Every developer using large language models today is familiar with the last-mile problem. You prompt an AI to generate a complex function, and it returns a block of code that is ninety percent correct. The remaining ten percent, however, consists of subtle logic flaws or hallucinated library methods that require a human to hunt down and fix manually. This cycle of AI generation followed by human correction has become the standard operating procedure for modern software engineering. But a fundamental shift is occurring in how these tools operate, moving the burden of correction from the human developer to the AI itself.

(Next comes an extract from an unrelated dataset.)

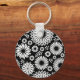 Blommönstret Boho-blommor, svart och vitt Nyckelring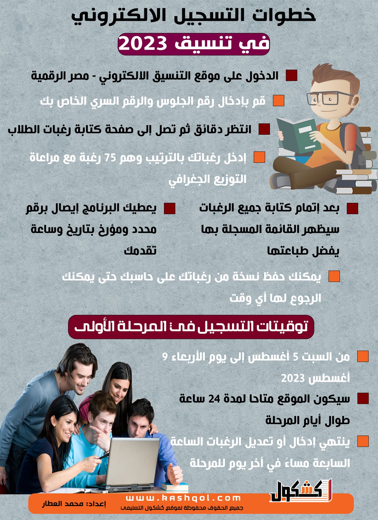 إنفوجراف| خطوات التسجيل الإلكتروني في تنسيق 2023

The Architecture of Non-Deterministic Loops
Boris Cherny, a key figure behind the development of Claude Code, observes that the industry is moving through three distinct evolutionary stages of code production. Two years ago, the primary driver was the human programmer writing source code. This transitioned into the current era where agents are tasked with writing the code based on human prompts. Now, we are entering a third phase: the agent loop, where one agent directs another agent to iterate on and refine the code until it reaches a specific standard of quality.
This transition is not merely a change in workflow but a departure from classical computer science. In traditional programming, a recursive loop is deterministic; it operates on a strict set of rules and must have a clearly defined stop condition to avoid a system crash. Agent loops, by contrast, are non-deterministic. There is no hard-coded exit condition. Instead, the sub-agent uses its own internal reasoning to determine when the output has reached a sufficient level of completion. The AI evaluates its own work, decides if it meets the goal, and chooses whether to terminate the loop or trigger another iteration.
In practical application, Cherny utilizes these loops to handle high-level architectural tasks that are typically too complex for a single prompt. He deploys agents that run continuously, with one agent dedicated to identifying ways to improve the overall code architecture and another searching for redundant abstractions that can be consolidated. These agents do not just suggest changes in a chat window; they operate like human contributors, submitting Pull Requests to the codebase. Because the environment is constantly evolving, the agents remain in a state of perpetual operation, refining the system in real-time.
Test-Time Compute and the Token Burn
This approach is a practical implementation of a concept known as test-time compute. While most LLM interactions focus on pre-training or fine-tuning to improve a model, test-time compute increases the amount of computation performed during the inference phase to solve a problem. Noam Brown, a researcher at OpenAI, recently noted that providing sufficient compute at the inference stage allows modern models to solve nearly any problem, provided the task can be framed as a hill-climbing exercise.
In the context of coding, hill-climbing means the model does not need to find the perfect solution in a single leap. Instead, it makes a small improvement, evaluates the result, and moves incrementally toward a higher peak of correctness. The agent loop is the engine for this process, allowing the model to bounce between drafting and reviewing until it hits a threshold of accuracy.
However, this leap in capability comes with a significant economic trade-off. A standard Q&A chatbot is a predictable cost center; one prompt leads to one response. An agent loop is an open-ended expenditure. Because the agents iterate until the problem is solved, token consumption accelerates exponentially. For the end user, this represents a massive increase in cost. For a company like Anthropic, which sells tokens, this structural shift creates a powerful incentive to encourage agentic workflows, as the volume of tokens consumed per task skyrockets.
There is also a technical risk known as context drift. When a model runs in a loop for too long, it can lose sight of the original objective, becoming trapped in a cycle of irrelevant refinements. To combat this, developers employ a technique called the Ralph Loop. Named after the character Ralph Wiggum, this method forces the model to periodically stop and summarize every action it has taken so far. The model then asks itself if the original goal has been achieved. If the answer is no, the model is bounced back into the execution phase with a refreshed understanding of its trajectory.
This bouncing mechanism ensures that the agent does not wander aimlessly through the codebase. By combining the raw power of test-time compute with a structured summary loop, the system can maintain accuracy even across hundreds of iterations. The result is a system that no longer requires a human to act as the primary debugger, replacing manual oversight with a self-correcting AI ecosystem.
The industry is now moving toward a critical evaluation of the return on investment for these loops. The primary question is no longer whether an agent loop can produce better code than a single prompt, but whether the marginal gain in software quality justifies the exponential increase in token costs.